Would you repeat the data below exactly, taking out the images?

> Supplied material
********************

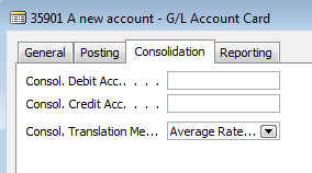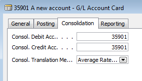 I reran the consolidation; still the same error. What was I missing? The culprit was the Consolidation tab on the on the G/L Account Card. I only had it set up correctly in the consolidation company and had missed filling out these same fields on the main company. I needed for this to be filled out exactly the same on both cards in order for this to work. I fixed the two fields, and voila!, my consolidation was back to its usual, reliable old self and finished up like a champ.
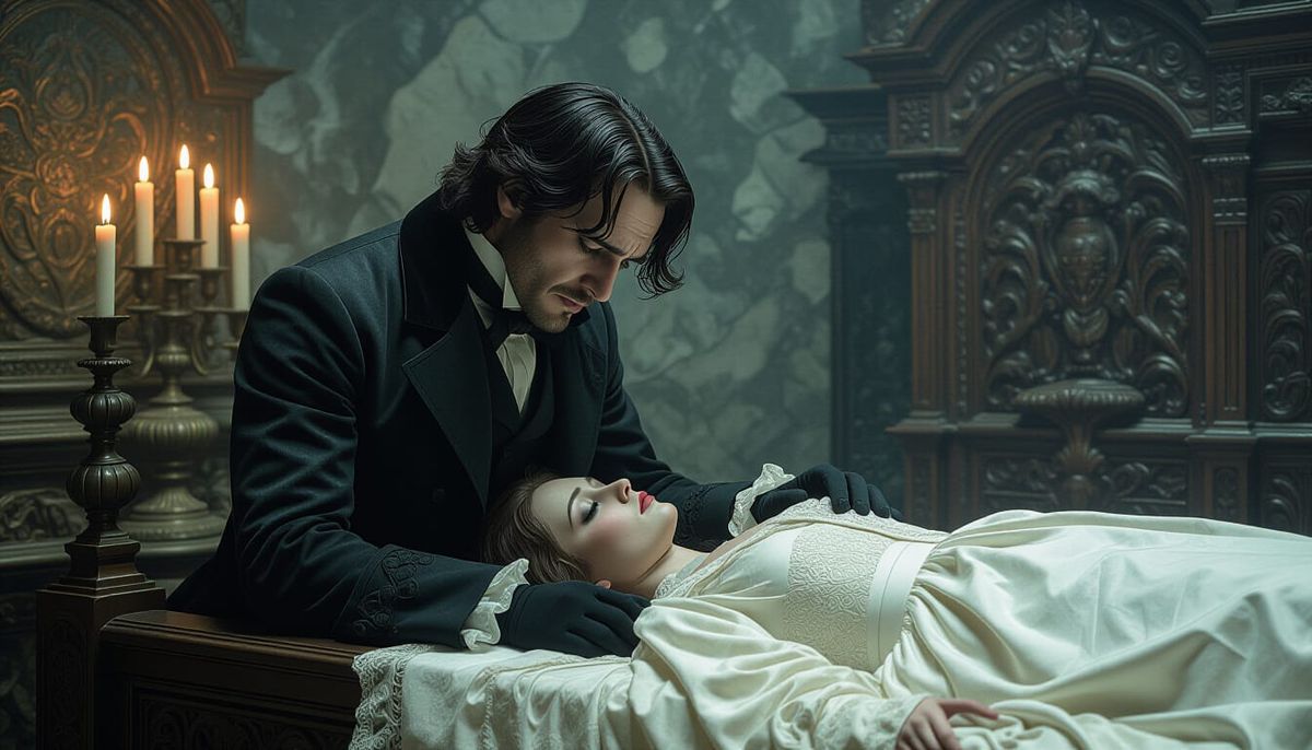 A somber figure in Victorian garb mourns over a bier in a dimly lit setting. The image evokes a haunting, mystical atmosphere as 3D rendered digital art.
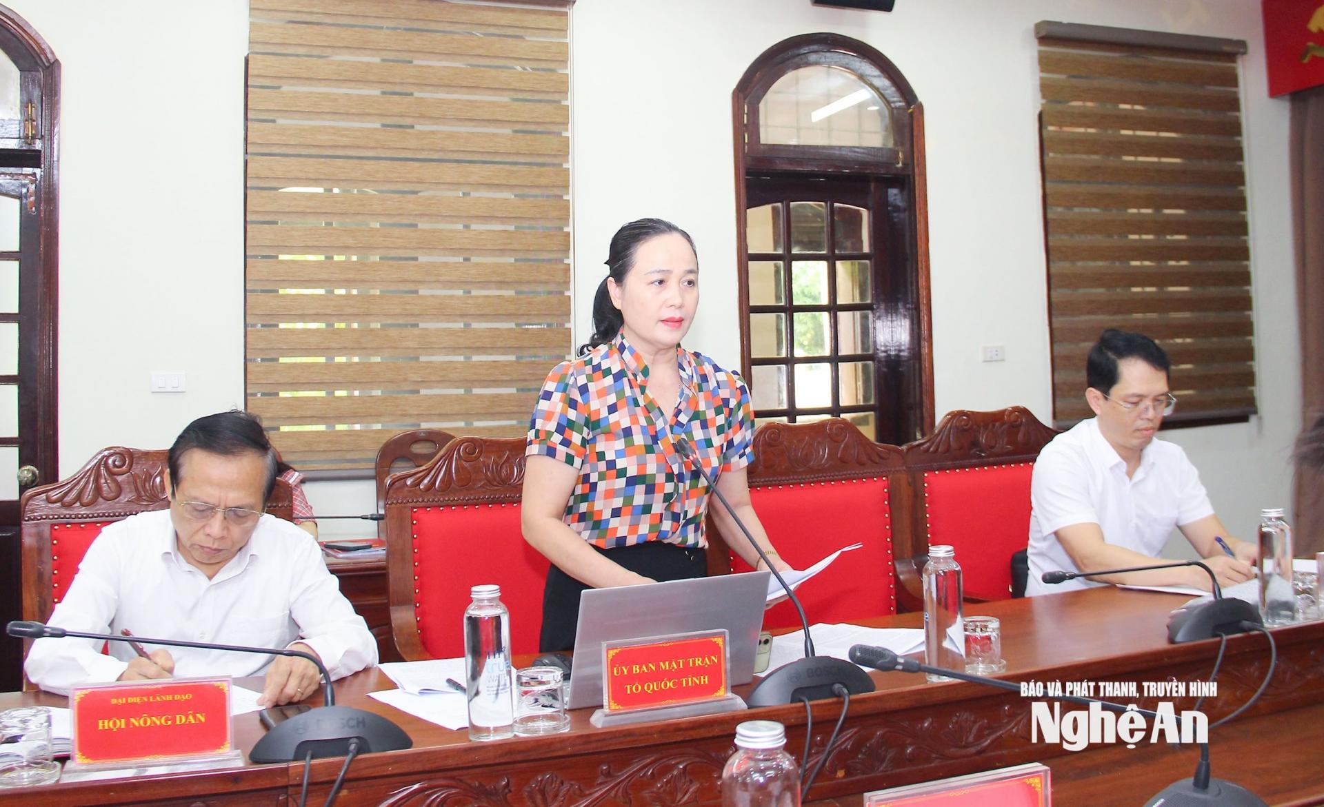 | Phó trưởng Ban Tuyên giáo và Dân vận Tỉnh ủy Nguyễn Thị Thơm báo cáo kết quả thực hiện nhiệm vụ quý II/2025 của Ủy ban Mặt trận Tổ quốc và các tổ chức chính trị - xã hội cấp tỉnh. |

********************

> Solution to this task
 I reran the consolidation; still the same error. What was I missing? The culprit was the Consolidation tab on the on the G/L Account Card. I only had it set up correctly in the consolidation company and had missed filling out these same fields on the main company. I needed for this to be filled out exactly the same on both cards in order for this to work. I fixed the two fields, and voila!, my consolidation was back to its usual, reliable old self and finished up like a champ.
 A somber figure in Victorian garb mourns over a bier in a dimly lit setting. The image evokes a haunting, mystical atmosphere as 3D rendered digital art.
 | Phó trưởng Ban Tuyên giáo và Dân vận Tỉnh ủy Nguyễn Thị Thơm báo cáo kết quả thực hiện nhiệm vụ quý II/2025 của Ủy ban Mặt trận Tổ quốc và các tổ chức chính trị - xã hội cấp tỉnh. |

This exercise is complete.